Enscript is a powerful command-line utility that converts plain ASCII text files into PostScript (or SPL) format, optimized for high-quality printing. Originally designed for printing source code with syntax highlighting, it supports dozens of programming languages like C, C++, Java, Python, Perl, and more via built-in or custom highlight definitions.

Key capabilities include multi-column layouts (up to 4 columns), landscape/portrait orientation, customizable headers/footers with page numbers, dates, filenames, and titles, line numbering, font selection for body and headers, paper/media size adjustments (A4, letter, legal), word wrapping, underlining/overstriking, and input encoding support for international text.

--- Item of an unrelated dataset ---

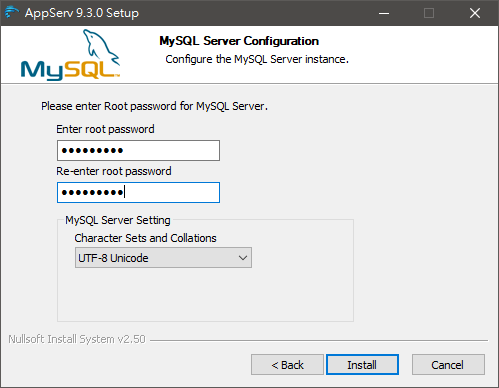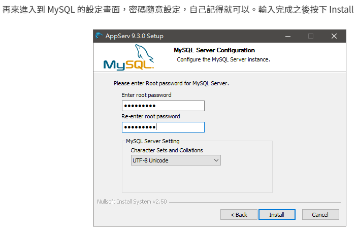 再來進入到 MySQL 的設定畫面,密碼隨意設定,自己記得就可以。輸入完成之後按下 Install

Usage is straightforward: pipe input, specify files, or send directly to printers. Output can be saved as .ps files or converted to PDF using Ghostscript. Syntax highlighting is activated with -E lang, e.g., enscript -Ec++ code.cc. Custom styles, margins, and variables allow fine-tuning.

Ideal for developers, sysadmins, and anyone needing professional printouts from terminals or scripts, enscript excels in environments without GUI tools, remaining relevant on modern Unix-like systems.

CAVEATS

Requires PostScript printer or Ghostscript for non-PS devices.
Highlighting files must be installed separately for some languages.
Large files may consume significant memory during processing.

EXAMPLES

enscript file.txt - Convert to default.ps
enscript -2r -Ec++ code.cc - 2-column landscape C++ highlighting
enscript -p output.ps *.c | lp - Print all C files

HIGHLIGHTING

Use -E for languages like c,c++,java,perl,python,sh. Custom defs in /usr/share/enscript/hl/.

HISTORY

Developed by Markku Rossi starting in 1992; first public release around 1993. Adopted into GNU project in 1995. Maintained as GNU enscript, with versions up to 1.6.7 (2020). Widely packaged in Linux distros for decades.